**Task objective**
Find "101705团支部在寒假期间" in the entries below; copy that line through the last, exactly, with no pictures.

**Source records**
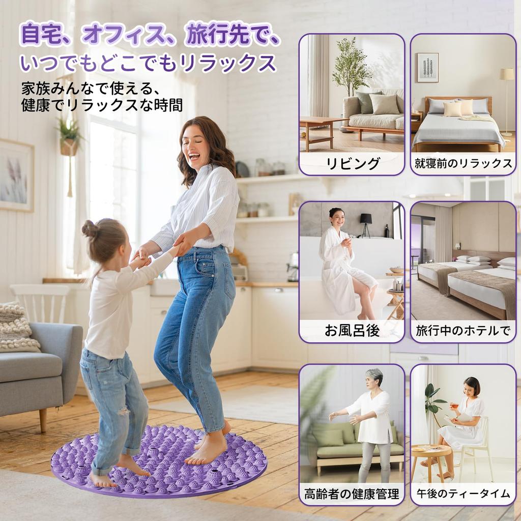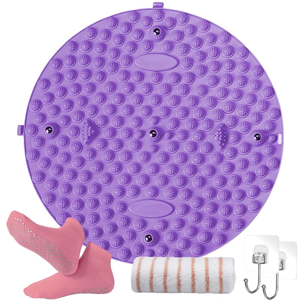 [Профессиональный коврик для рефлексологии стоп] Этот набор из пяти ковриков для рефлексологии стоп безопасен для начинающих! Входящие в комплект толстые носки для йоги и полотенце обеспечивают мягкую, регулируемую стимуляцию.. Большой акупунктурный коврик диаметром 37 см охватывает всю подошву стопы, а высокоэластичный материал TPE обеспечивает нужное количество давления, не вызывая при этом сильной боли.. Наслаждайтесь веселыми занятиями для всей семьи, включая игры и игры с наказаниями, чтобы начать здоровый образ жизни! Начните безболезненную рефлексотерапию! [Включает два особо усиленных нескользящих крючка] Нескользящая силиконовая поверхность прочно прилипает к полу, что делает его безопасным для всех, от детей до пожилых людей. Входящие в комплект два настенных крючка позволяют аккуратно хранить его, когда он не используется.. Складной акупунктурный коврик легко брать с собой в поездки. Идеально для быстрого ухода в ванной или на кухне. Хранение без стресса. [Подарочный набор для облегчения простуды] Всего 10 минут на коврике для рефлексотерапии стоп согреют ваши ноги! Входящее в комплект впитывающее, быстросохнущее полотенце также поможет предотвратить потоотделение.. Новая привычка для семей посмеяться и вместе потоптаться в этот холодный сезон. Стильный подарок ко Дню пожилых людей или Дню отца, это отличный способ подарить здоровье.. Защитите здоровье своей семьи этой зимой и весной. [Регулируемые 5 магнитов и рефлексологические точки] Высокоплотный материал TPE, используемый в этом рефлексологическом коврике для ног, полностью встраивает и фиксирует магниты. Специальный акупрессурный дизайн соответствует рефлексологическим точкам на стопах, обеспечивая комфортный массаж.
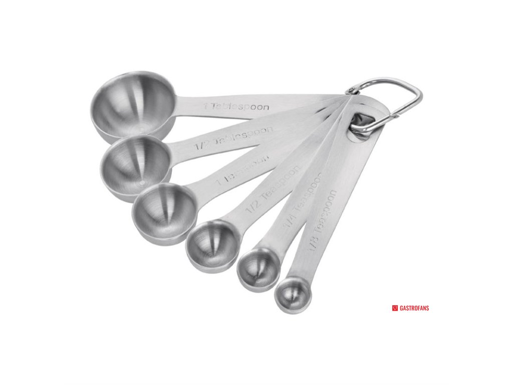 Obsahuje: 1/8 (0,62 ml), 1/4 (1,25 ml), 1/2 (2,5 ml), 1 lyžičku (5 ml) a 1 lyžicu (15 ml). Nerezová oceľ.
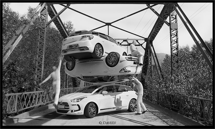 Le 3 Citroen ed i 3 personaggi sono realizzati in 3D
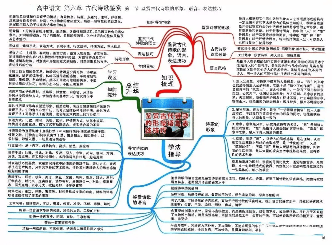 4、如果借助思维导图的梳理,古诗词“表达技巧”的知识网络就会更清晰明了,如下图这样的古诗词“表达技巧”思维导图分类清晰。
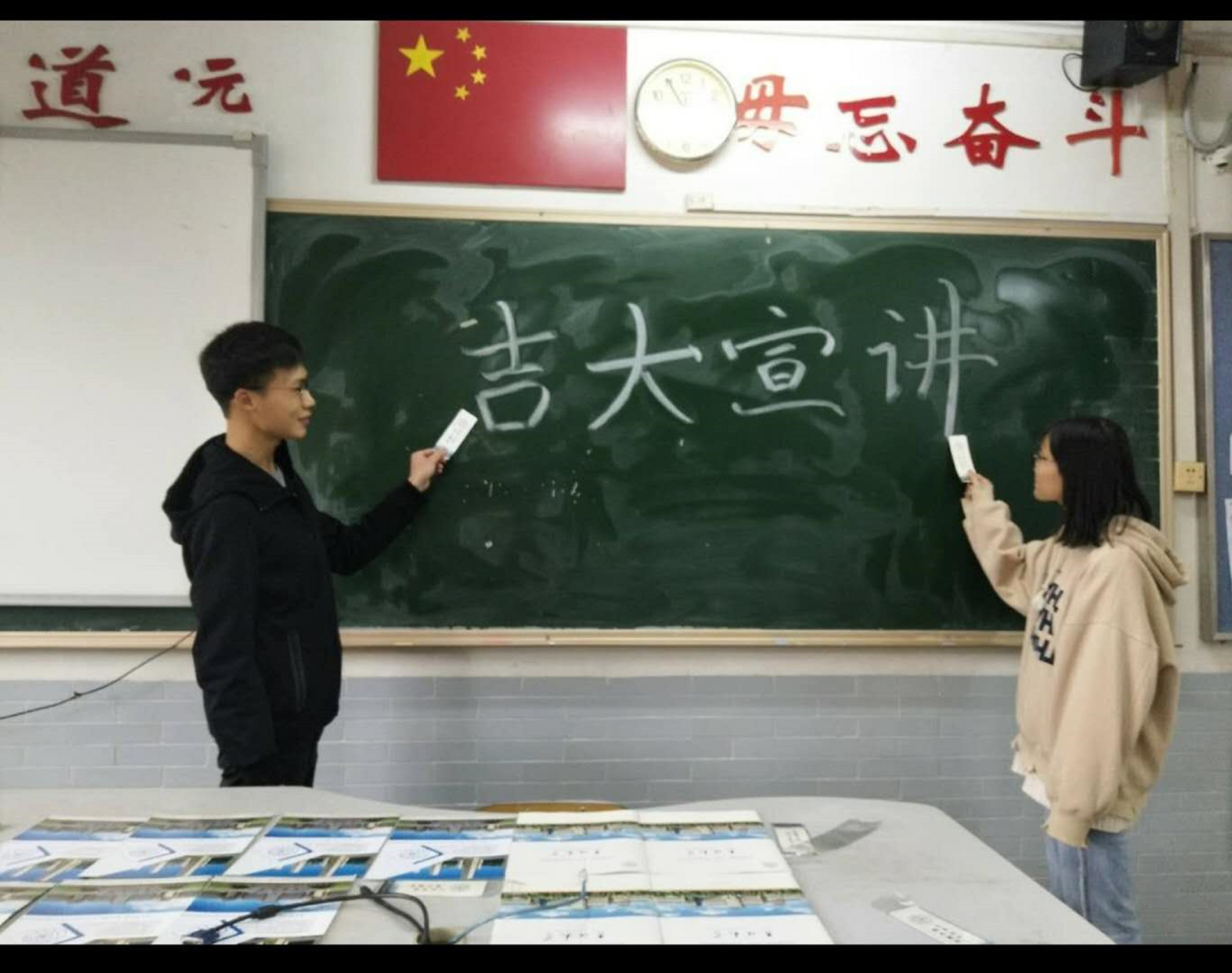 101705团支部在寒假期间派出六支宣讲队伍分别前往山东烟台经济技术开发区中学、成都郫都一中、山东省潍坊市临朐一中、石门中学、山西省郓城市康杰中学和河南三门峡市外国语高级中学参与宣讲。宣讲同学给所在高中的同学们发放吉大宣传册,在准备宣讲过程中家长和学生都十分认真的翻阅。以临朐中学为例,带领宣讲的同学带队在报告厅向母校高三学生宣讲吉大黄色网站
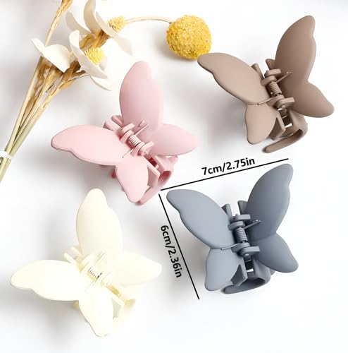 PACTIV - مشابك شعر على شكل فراشة مقاس 7 سم من 4 قطع منباكتيف، مشابك شعر على شكل فراشة للنساء، مشابك شعر مخلبية للشعر السميك والرفيع، اكسسوارات شعر على شكل فراشة

**Exercise answer**
 101705团支部在寒假期间派出六支宣讲队伍分别前往山东烟台经济技术开发区中学、成都郫都一中、山东省潍坊市临朐一中、石门中学、山西省郓城市康杰中学和河南三门峡市外国语高级中学参与宣讲。宣讲同学给所在高中的同学们发放吉大宣传册,在准备宣讲过程中家长和学生都十分认真的翻阅。以临朐中学为例,带领宣讲的同学带队在报告厅向母校高三学生宣讲吉大黄色网站
 PACTIV - مشابك شعر على شكل فراشة مقاس 7 سم من 4 قطع منباكتيف، مشابك شعر على شكل فراشة للنساء، مشابك شعر مخلبية للشعر السميك والرفيع، اكسسوارات شعر على شكل فراشة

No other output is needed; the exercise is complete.